Mexican students on why they burn down, not sit-in
But while the images coming out of southern Mexico stand in stark contrast to the global trend, they can be seen clearly through the prism of a specific radical tradition born in a place where the rule of law has been undermined by decades of corruption, political violence, government neglect and pervasive poverty.
The Ayotzinapa rural teachers college, where the missing students are from, has a long leftist tradition of protest and dissent, going back to the 1960s and continuing through days of the “perfect dictatorship” of the Partido Revolucionario Institucional (PRI). One of the school’s more famous alumnus, Lucio Cabanas, was a guerrilla fighter killed by the Mexican army in 1974. In recent times, student protests have tended to focus on more local concerns, such as improved living conditions at the school, where the sleeping quarters look more like cell blocks than college dorms. The disappearance of the 43 students, allegedly at the hands of the local government working in conjunction with a drug cartel, has changed the dynamic.
“This is a very militant group that has been fighting the government since the 60s or 70s, and they have long history of resistance,” said Vidal Romero, a professor at the ITAM university in Mexico City. “It’s not going to be easy at all for the government to quiet down this group, especially now because they have a claim that is shared by the whole country.”
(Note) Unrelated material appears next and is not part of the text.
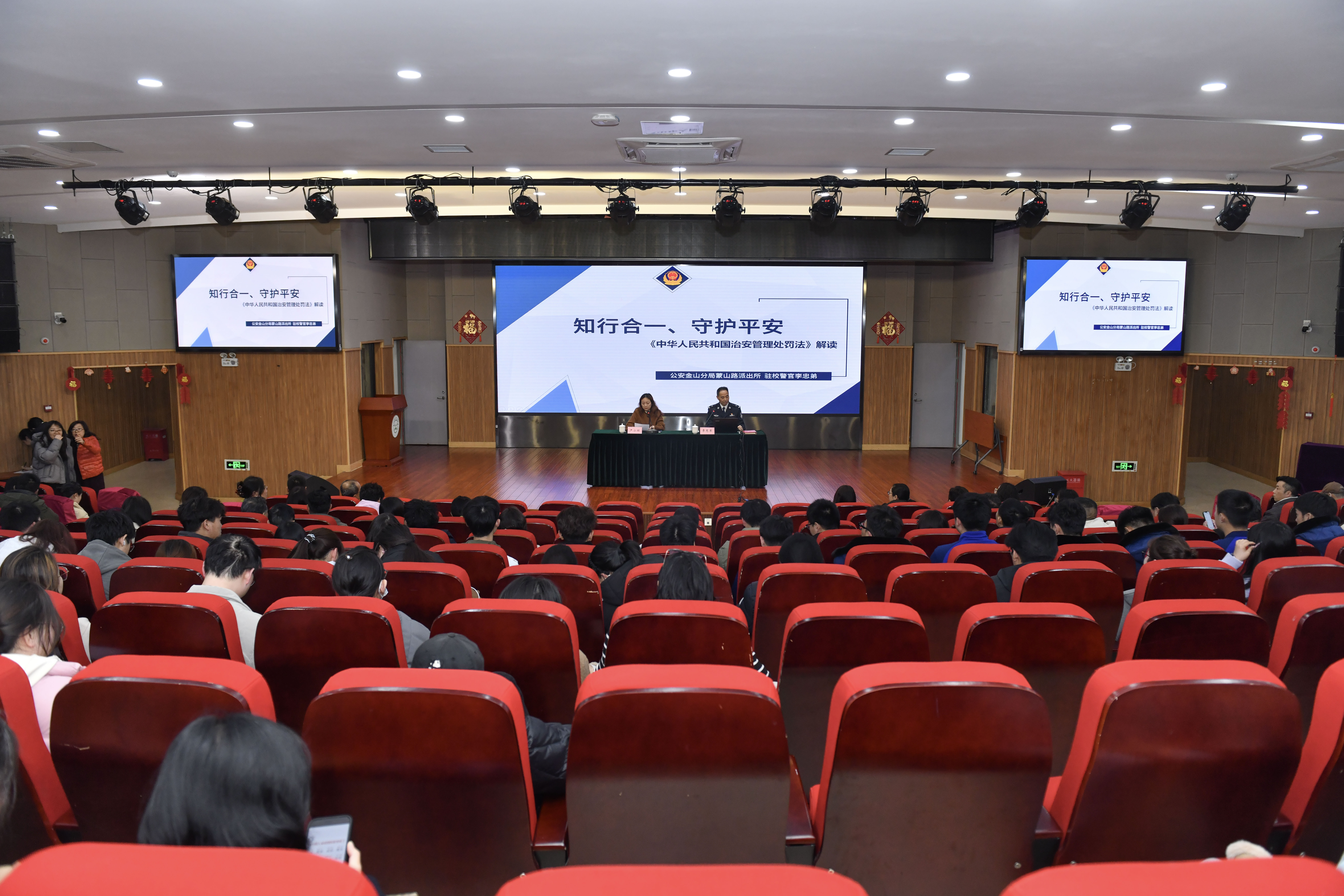 为深入学习贯彻2026年1月1日正式施行的新修订《中华人民共和国治安管理处罚法》,帮助广大师生精准把握法律修订要点、提升法治素养与自我保护能力,3月18日下午,我校安保处牵头组织“知行合一守护平安”专题法治讲座。分管学校安全工作的副校长严小丽主持活动,特邀驻校警官李忠弟担任主讲,全校教职员工、部门安全员、大学生平安志愿者在主会场集中学习,各班辅导员(班主任)及全体学生通过直播同步参与,实现普法教育全覆盖。

Indeed, there have been peaceful protests throughout the country organized by other civic and student groups, including a massive march in Mexico City on Oct. 8.
Part of what has caused the entire country to rally around the students is what this case symbolizes: the investigation into the missing students has turned a harsh spotlight on a festering problem in Mexico, where local police are often controlled by drug gangs. For the Ayotzinapa students, they aren’t protesting against one particular group of corrupt officials, but rather against an entire corrupt system that directly attacked them.“Here we say that the government isn’t really the elected officials, it’s actually organized crime,” said Angel Nery, a student leader a the Ayotzinapa rural teachers’ college. “The government here in Guerrero is very involved with drug traffickers. There isn’t a government but a narco-government.”